Supposons comme Block (1990) qu‘une pilule a la propriété d‘être dormitive, qui est la propriété fonctionnelle du second ordre d‘avoir une propriété qui endort les gens. Une certaine propriété chimique du premier ordre remplit cette fonction et réalise la « dormitivité ». Alors, est-ce que la dormitivité est une cause, s‘ajoutant à l‘instanciation de la propriété chimique, de l‘endormissement de celui qui prend la pilule ? Pour saisir l‘intuition sous-jacente à l‘argument de Kim contre la réalisation, reprenons un autre exemple de Block : la couleur rouge de la cape d‘un toréador cause l‘excitation du taureau. Mais est-ce que le caractère provocateur de la cape – qui est la propriété d‘avoir une propriété qui cause l‘excitation du taureau – est aussi une cause de l‘excitation du taureau ? Il semble bien que la même question se pose relativement aux propriétés mentales, qui sont elles aussi, selon la conception fonctionnaliste, des propriétés du second ordre. Si avoir mal est la propriété du second ordre d‘avoir une propriété (probablement neurobiologique) qui cause des pleurs, des plaintes, etc., et qui est causée par des lésions corporelles, la douleur peut-elle, en addition à ses réaliseurs, être considérée comme une cause des plaintes et des pleurs ?
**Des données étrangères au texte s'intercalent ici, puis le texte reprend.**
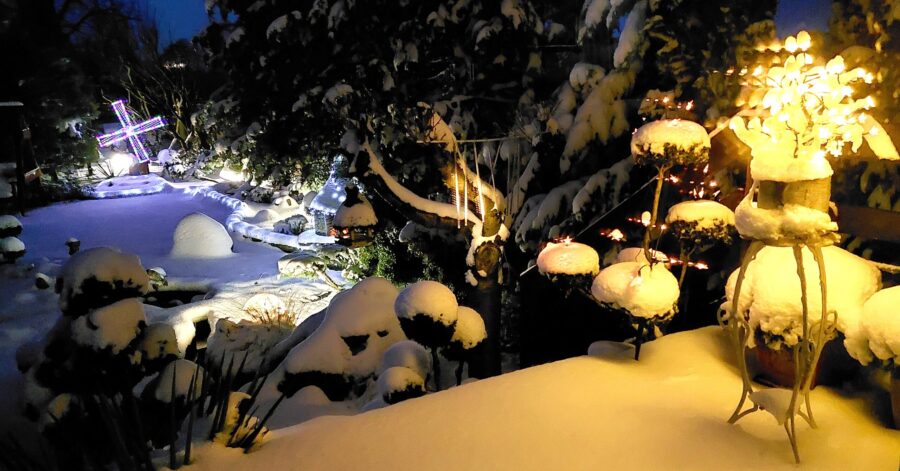 Oświetlenie ogrodu zwłaszcza zimą może stworzyć urokliwą atmosferę, podkreślając piękno zimowego krajobrazu zwłaszcza gdy dni są krótkie, a wieczory długie. Stworzy magiczną atmosferę i podkreśli zimową scenerię.
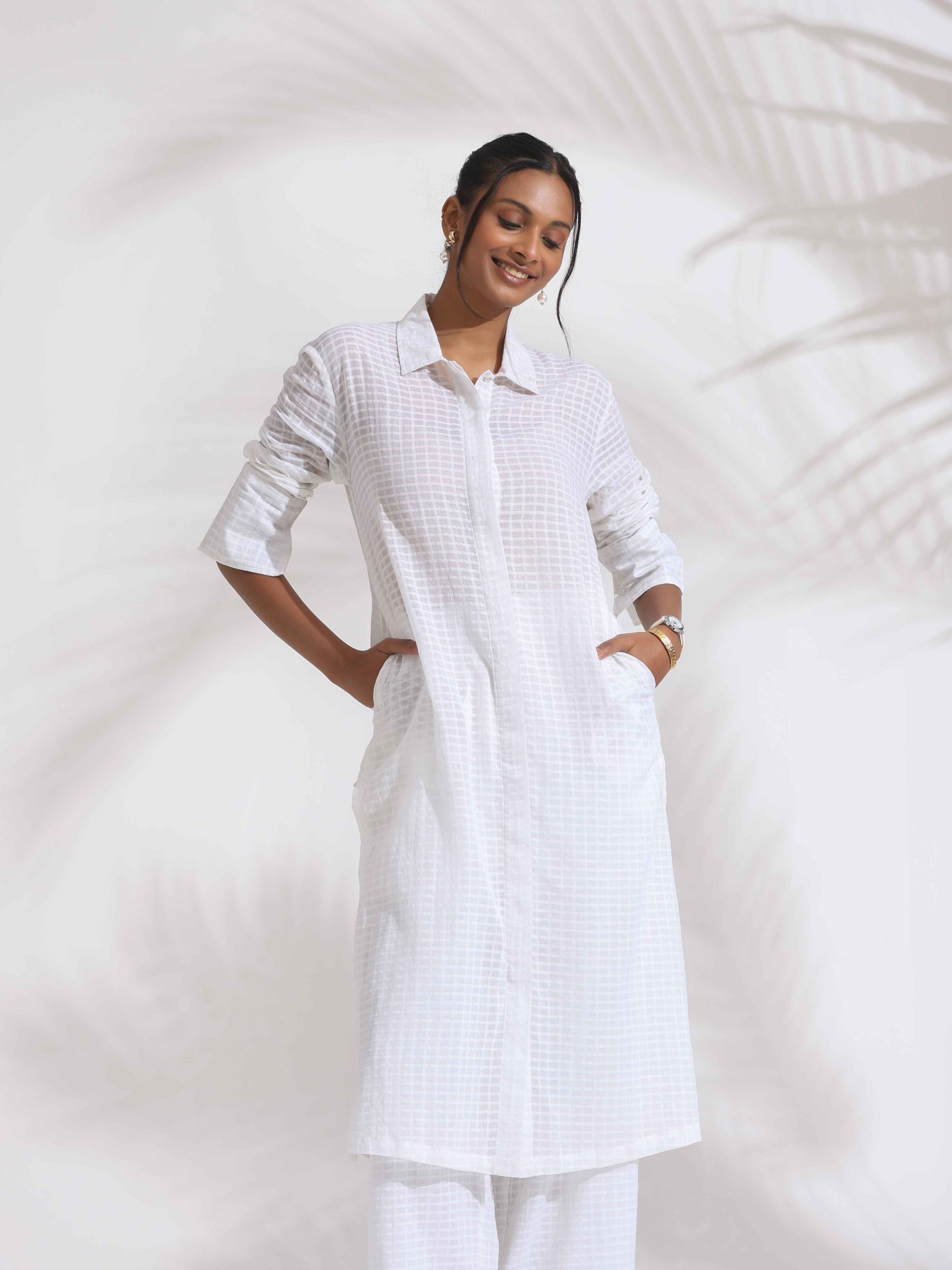 - Elevate your style with this white cotton dobby front-button kurta, featuring a light, sheer fabric for a breezy, effortless look. Paired with white cotton dobby pants. Add a pop of color with a bralette for a chic twist—this ensemble is perfect comfort with an edge.
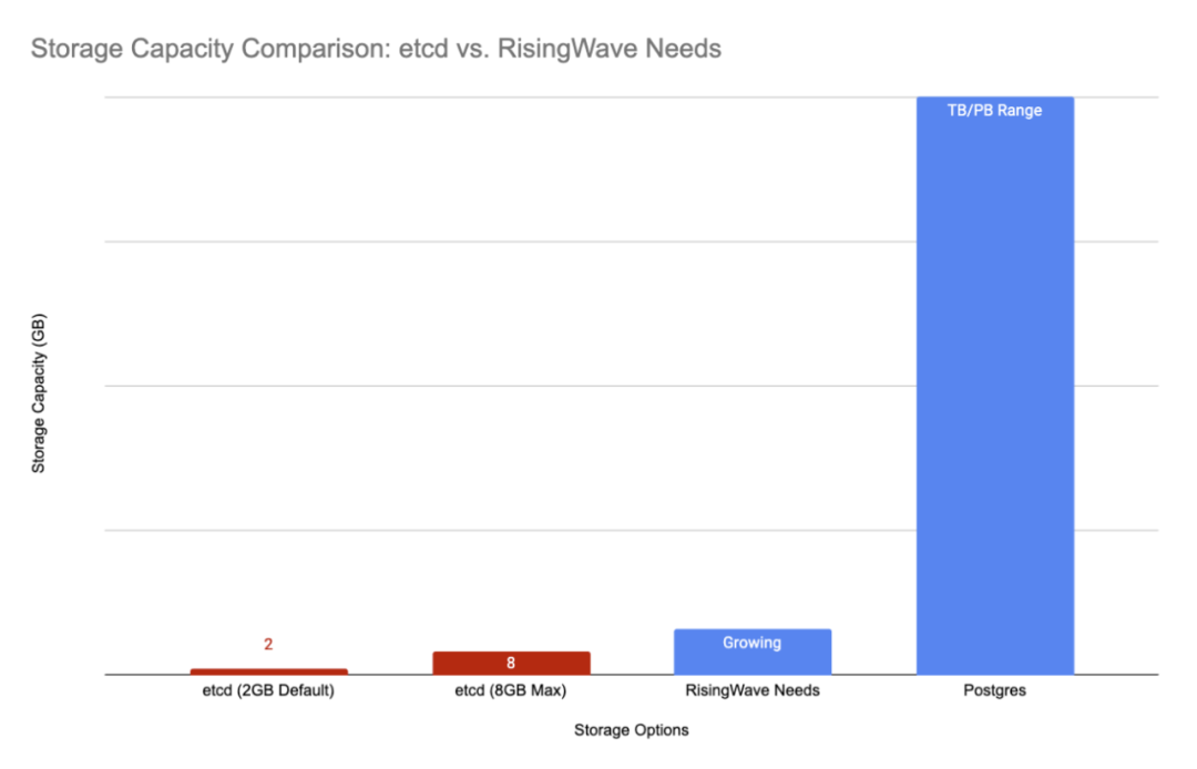 etcd 的架构基于单个 Raft 组,没有 Sharding,这严重影响了其可扩展性。默认存储限制为 2 GB,推荐的最大值为 8 GB。这对我们来说是一个显著制约,因为 RisingWave 集群中的元数据量迅速增长。在某些情况下,磁盘空间不足时,我们甚至经历了部分提交事务导致的数据损坏。使用 Protobuf 编码处理元数据也使得调试和故障排查变得复杂。
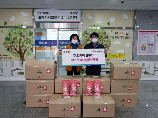 김해시자원봉사센터(센터장 박종주)와 (주)디케이솔루션(대표 김동규)은 지난 28일 관내 저소득 취약 가정을 위해 KF94마스크 6,000장을 지원했다.
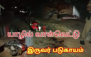 வீட்டின் முன்பாக இருவர் மோட்டார் சைக்கிள்களில் நின்று கதைத்துக் கொண்டிருந்த போது அங்கு 2 மோட்டார் சைக்கிள்களில் வந்த மூவர் வாள்வெட்டுத் தாக்குதலை மேற்கொண்டதுடன் மோட்டார் சைக்கிள்களையும் சேதப்படுத்திவிட்டுத் தப்பித்தனர்
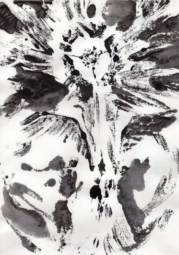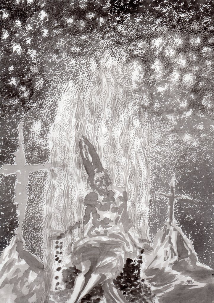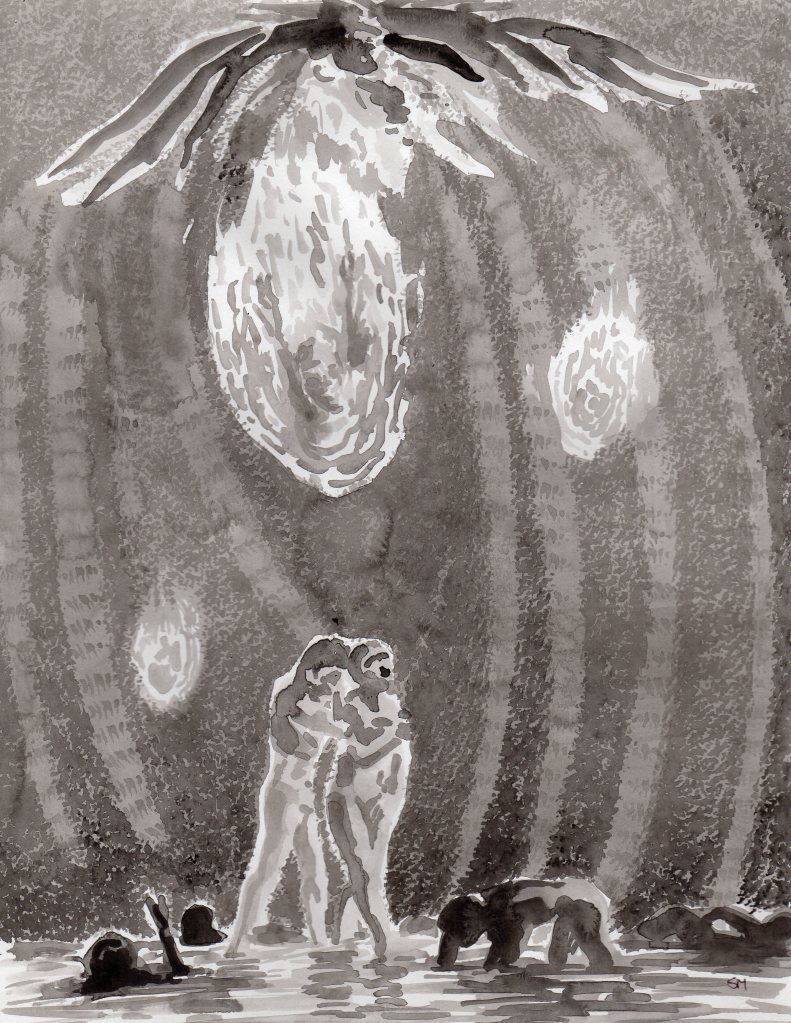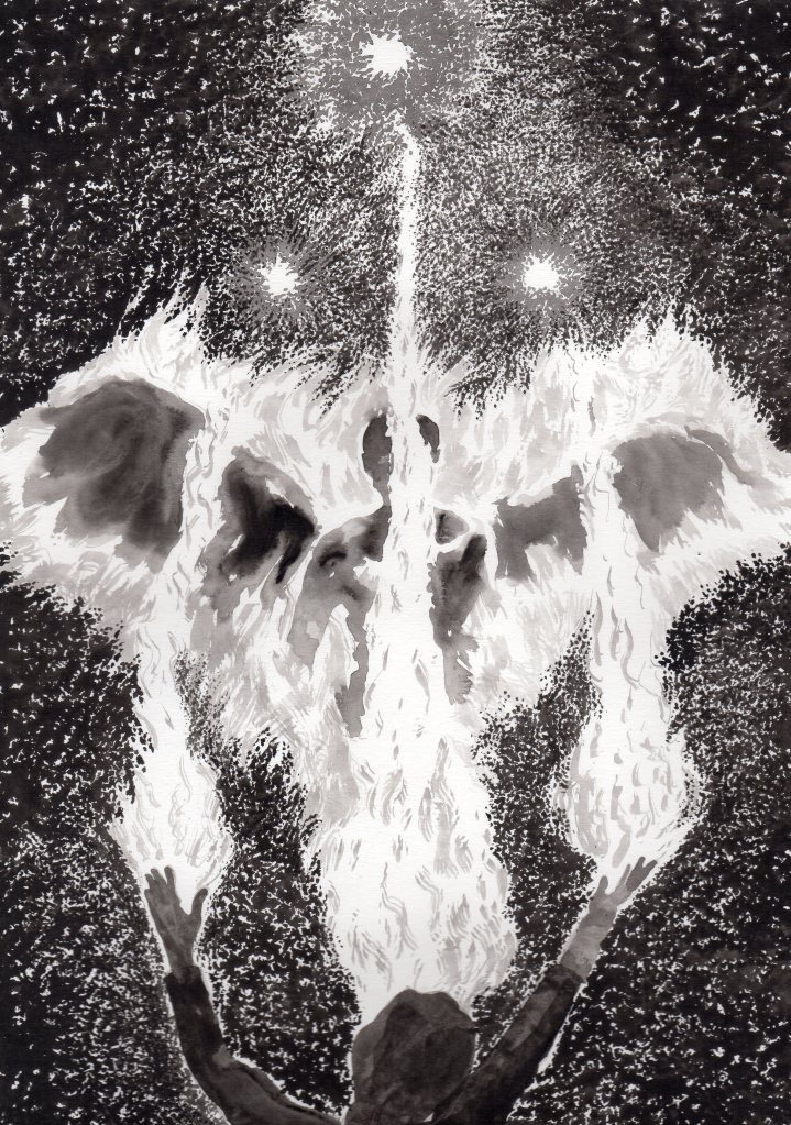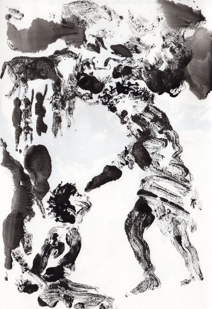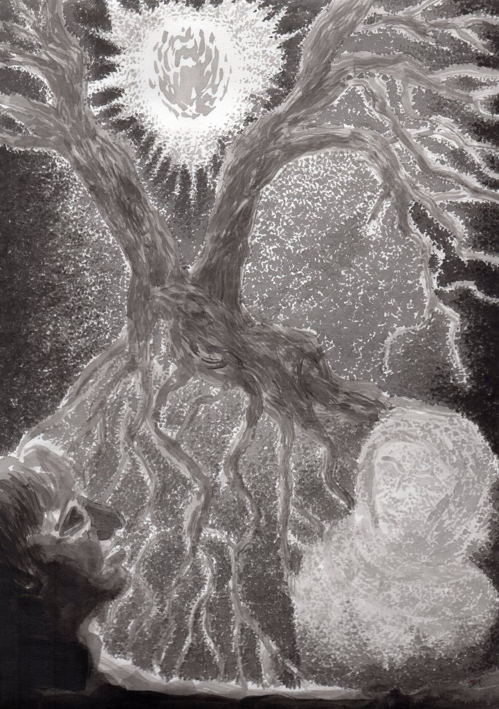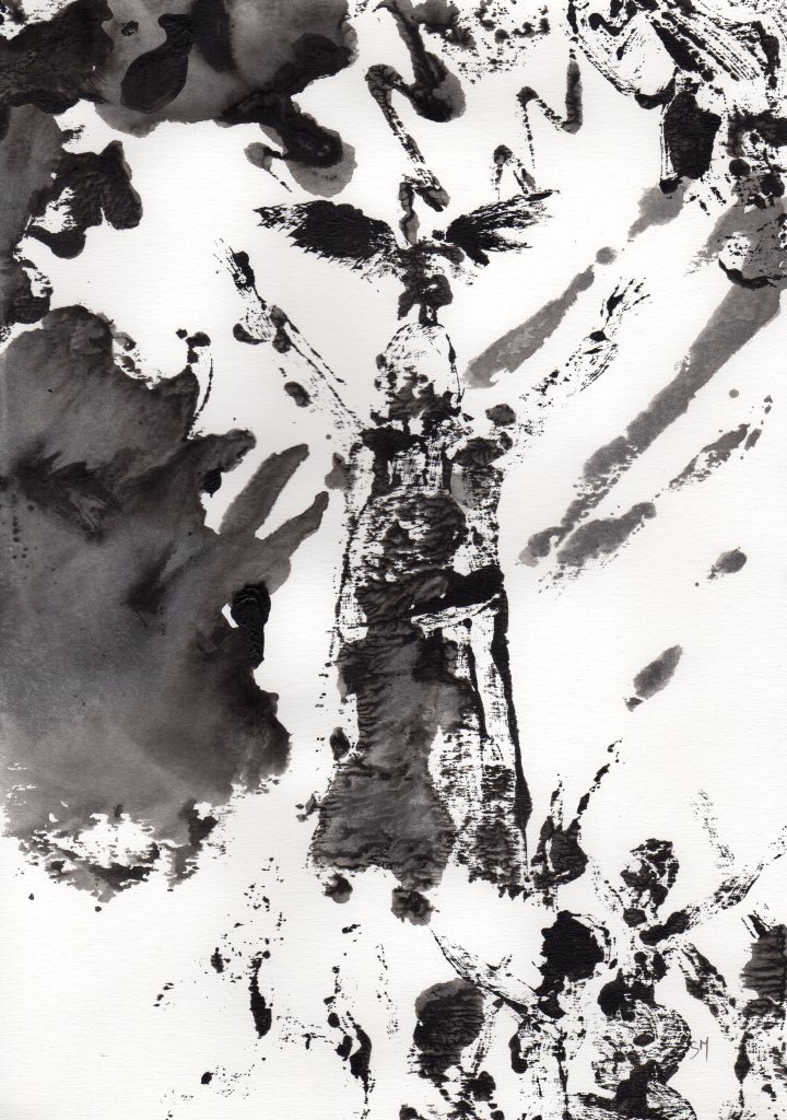 L’installation performative « Quand l’humain ferme les yeux » est fondée sur le modèle de la bipolarité apollinien-dionysien, cher à Friedrich Nietzsche et Aby Warburg. Sur un large tapis de feuilles de laurier et de lierre, l’humain est disposé au centre, recroquevillé et recouvert d’une bâche composée par des sacs en plastique blanc de boucherie, cousus de fil blanc. Son visage est tourné vers l’Est. 4 vases-canopes posés sur des cubes et situés aux 4 points cardinaux forment un premier cercle, celui de l’Amour Fraternel. Ils contiennent chacun des matières naturelles et prophylactiques: poivre noir, clous de girofle, sel marin, curcuma. 5 urnes funéraires constituent le deuxième cercle, celui du chaos, du doute, de l’hétérogénéité, de l’humain-citoyen. Ces urnes, placées aux pointes d’un pentagramme, sont celles des 5 Républiques Françaises. Leurs assises sont élaborées à partir du bois et de ses dérivés: cendres, charbon, bois flotté, bois sec. Elles conservent des mots et des phrases:

Kim reprend à son compte l‘analyse que Block (1990) fait de l‘efficacité causale de ces propriétés du second ordre. Kim remarque que considérer le caractère provocateur de la cape du toréador comme une cause de l‘excitation du taureau au même titre que la couleur rouge mène à une surdétermination. De façon analogue, soutenir qu‘à la fois la propriété mentale du second ordre et son réaliseur font un travail causal revient à entériner une surdétermination, car systématiquement, chaque effet causé par l‘instanciation d‘une propriété mentale a alors deux causes suffisantes (Kim, 1998, 51-53). Block affirme que cette surdétermination des effets des propriétés du premier ordre par les propriétés du second ordre n‘est pas problématique, car elle diffère des cas classiques de surdétermination (comme celui de la fusillade), qui font référence à des événements indépendants. Selon Block, les propriétés du second ordre ne sont pas indépendantes de celles du premier ordre, mais leur sont liées de façon étroite. Par exemple, le caractère provocateur de la cape dépend de sa couleur rouge. Cette dépendance entre les différents

ordres de propriétés fait en sorte que les propriétés mentales du second ordre peuvent être considérées comme des causes surdéterminantes légitimes. La surdétermination leur étant associée est d‘un genre singulier.

Kim reconnaît le problème de surdétermination décrit par Block, mais n‘est pas d‘accord avec la solution qu‘il propose (Kim, 1998, 53). Selon Kim, la surdétermination des effets des propriétés mentales par leurs réaliseurs demeure une menace pour l‘efficacité causale des propriétés mentales et ce, même si les propriétés causales sont en quelque sorte dépendantes de leurs réaliseurs. Du moment que les événements mentaux sont reconnus comme étant distincts des événements physiques, et que chaque événement est considéré comme étant une cause suffisante, il y a une forme inacceptable de surdétermination et une cause doit être éliminée au profit de l‘autre20. Aux yeux de Kim, ce problème

d‘exclusion se pose pour toutes les propriétés du second ordre, et pas seulement pour les propriétés fonctionnelles (Kim, 1998, 55).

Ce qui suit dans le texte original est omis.